Regexp Emacs for R comments - regex

I would like to build a regexp in Emacs for cleaning up my R code.
One of the problems I ran into was that there are different types of comments:
You have those with a certain amount of whitespace (1), e.g.:
# This is a comment:
# This is also a comment
or you have situations like this (2):
require(lattice) # executable while the comment is informative
The idea is that I want to align the comments when they are of the second kind (after something that's executable), while excluding those of the first kind.
Ideally, it will align all the comments BETWEEN those of the first kind, but not those of the first kind.
Example:
funfun <- function(a, b) {
# This is a function
if (a == b) { # if a equals b
c <- 1 # c is 1
}
}
#
To:
funfun <- function(a, b) {
# This is a function
if (a == b) { # if a equals b
c <- 1 # c is 1
}
}
#
I found a regexp to do a replacement for those of the first kind, so then I was able to align them per paragraph (mark-paragraph). That worked kind of well.
Problem is then the backsubstitution:
(replace-regexp "^\\s-+#+" "bla" nil (point-min) (point-max))
This replaces from the start of a line, with any amount of whitespace and any amount of comment characters like:
#########
into
bla
The problem is that I would like to replace them back into what they are originally, so "bla" has to go back into the same amount of whitespace and same amount of #.
Hopefully someone understands what I am trying to do and has either a better idea for an approach or knows how to solve this regexp part.

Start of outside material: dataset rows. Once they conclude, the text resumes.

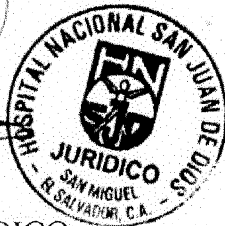
Vo. Bo. COLABORADOR JURÍDICO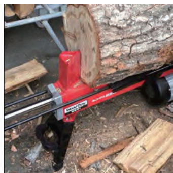
標準の刃で割れない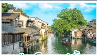
เมืองโบราณอู๋เจิน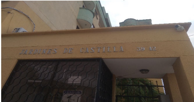
Nomenclatura del Conjunto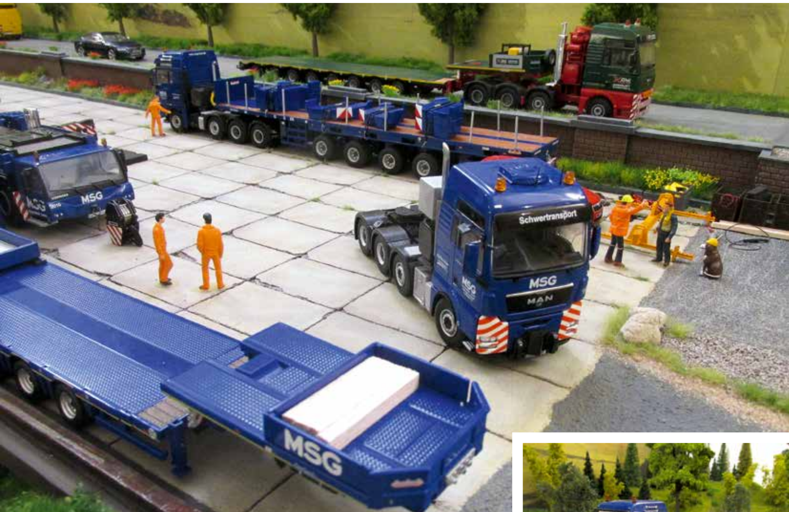
Hier ist viel schweres Gerät im Einsatz.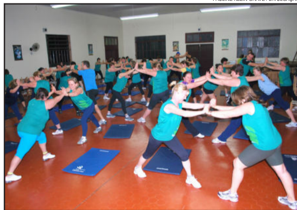
Atividade física é um dos ingredientes para o sucesso

A Certel Energia já abriu as inscrições para a 20ª edição do programa de reeducação alimentar Peso Leve. Neste primeiro semestre de 2013, o programa contemplará os municípios de Marques de Souza, Teutônia, Lajeado e Arroio do Meio. Em Marques de Souza, às segundas-feiras, das 18h30 às 20h30, na Sociedade União Centenária. Em Teutônia, às terças, das 18h30 às 20h30, no salão da Comunidade Católica Cristo Rei, no Bairro Languiru. Em Lajeado, às quartas, das 15h às 17h, no salão da Paróquia São Cristóvão. Em Arroio do Meio, às quartas, das 18h30 às 20h30, no Centro Cultural. Inscrições nas Lojas Certel dos quatro municípios, até o dia 15 de fevereiro. Cada grupo deve ter o mínimo de 50 inscritos.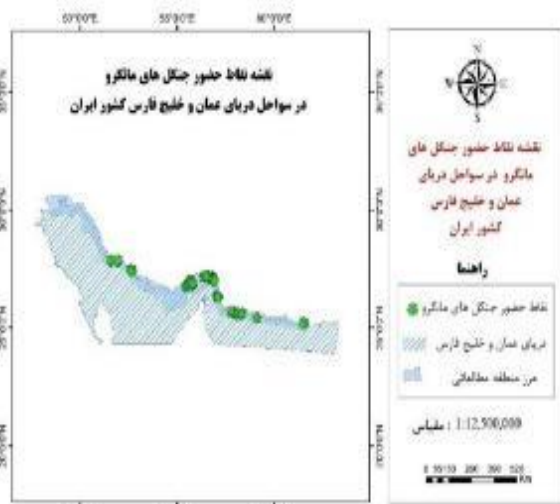
شکل ۱: موقعیت منطقه مورد مطالعه (محدوده جنگل‌های مانگرو در ایران)

نتایج حاصل از مدل‌سازی توزیع گونه‌ای حرا نشان داد متغیرهای حداقل کلروفیل، میانگین کلروفیل، مجموع حداکثر کلروفیل و pH به ترتیب بیش‌ترین تأثیر را بر پیش‌بینی حضور حرا در جنگل‌های مانگرو ایران دارند (جدول ۱، بخش ج). همچنین نتایج نشان می‌دهد در شرایط زیست‌شیمیایی حاضر بخش‌هایی از استان هرمزگان، محدوده‌ای از چابهار، شرقی‌ترین بخش استان سیستان و بلوچستان و همچنین لکه‌های زیستگاهی کوچکی در استان خوزستان بهترین مناطق برای پراکنش حرا به شمار می‌روند اما استان بوشهر به لحاظ زیست‌شیمیایی دارای حداقل پتانسیل پراکنش برای این گونه است (شکل ۳). نقشه پتانسیل توزیع گونه‌ای جنگل‌های حرا که در ۴ رده طبقه‌بندی شده نشان می‌دهد در شرایط زیست‌شیمیایی کنونی منطقه حفاظت شده حرا، منطقه حفاظت شده گابریک و جاسک، خلیج گواتر، جزیره قشم، خور آذینی، خور خلاصی، خور آبکوهی، خور احمدی، خور سمایلی و خور زنگی در مرز آبی جنوب کشور به‌طور کلی پتانسیل بیشتری برای پراکنش جنگل‌های حرا دارند (شکل ۳).

Well, here's some crazy attempt at doing something I thought you were after. It seems to work, but it needs a lot of testing and polishing:
(defun has-face-at-point (face &optional position)
(unless position (setq position (point)))
(unless (consp face) (setq face (list face)))
(let ((props (text-properties-at position)))
(loop for (key value) on props by #'cddr
do (when (and (eql key 'face) (member value face))
(return t)))))
(defun face-start (face)
(save-excursion
(while (and (has-face-at-point face) (not (bolp)))
(backward-char))
(- (point) (save-excursion (move-beginning-of-line 1)) (if (bolp) 0 -1))))
(defun beautify-side-comments ()
(interactive)
;; Because this function does a lot of insertion, it would
;; be better to execute it in the temporary buffer, while
;; copying the original text of the file into it, such as
;; to prevent junk in the formatted buffer's history
(let ((pos (cons (save-excursion
(beginning-of-line)
(count-lines (point-min) (point)))
(- (save-excursion (end-of-line) (point)) (point))))
(content (buffer-string))
(comments '(font-lock-comment-face font-lock-comment-delimiter-face)))
(with-temp-buffer
(insert content)
(goto-char (point-min))
;; thingatpt breaks if there are overlays with their own faces
(let* ((commentp (has-face-at-point comments))
(margin
(if commentp (face-start comments) 0))
assumed-margin pre-comment commented-lines)
(while (not (eobp))
(move-end-of-line 1)
(cond
((and (has-face-at-point comments)
commentp) ; this is a comment continued from
; the previous line
(setq assumed-margin (face-start comments)
pre-comment
(buffer-substring-no-properties
(save-excursion (move-beginning-of-line 1))
(save-excursion (beginning-of-line)
(forward-char assumed-margin) (point))))
(if (every
(lambda (c) (or (char-equal c ?\ ) (char-equal c ?\t)))
pre-comment)
;; This is the comment preceded by whitespace
(setq commentp nil margin 0 commented-lines 0)
(if (<= assumed-margin margin)
;; The comment found starts on the left of
;; the margin of the comments found so far
(save-excursion
(beginning-of-line)
(forward-char assumed-margin)
(insert (make-string (- margin assumed-margin) ?\ ))
(incf commented-lines))
;; This could be optimized by going forward and
;; collecting as many comments there are, but
;; it is simpler to return and re-indent comments
;; (assuming there won't be many such cases anyway.
(setq margin assumed-margin)
(move-end-of-line (1- (- commented-lines))))))
((has-face-at-point comments)
;; This is the fresh comment
;; This entire block needs refactoring, it is
;; a repetition of the half the previous blockp
(setq assumed-margin (face-start comments)
pre-comment
(buffer-substring-no-properties
(save-excursion (move-beginning-of-line 1))
(save-excursion (beginning-of-line)
(forward-char assumed-margin) (point))))
(unless (every
(lambda (c)
(or (char-equal c ?\ ) (char-equal c ?\t)))
pre-comment)
(setq commentp t margin assumed-margin commented-lines 0)))
(commentp
;; This is the line directly after a block of comments
(setq commentp nil margin assumed-margin commented-lines 0)))
(unless (eobp) (forward-char)))
;; Retrieve back the formatted contnent
(setq content (buffer-string))))
(erase-buffer)
(insert content)
(beginning-of-buffer)
(forward-line (car pos))
(end-of-line)
(backward-char (cdr pos))))
I've also duplicated it on pastebin for better readability: http://pastebin.com/C2L9PRDM
EDIT: This should restore the mouse position but will not restore the scroll position (could be worked to, perhaps, I'd just need to look for how scrolling is stored).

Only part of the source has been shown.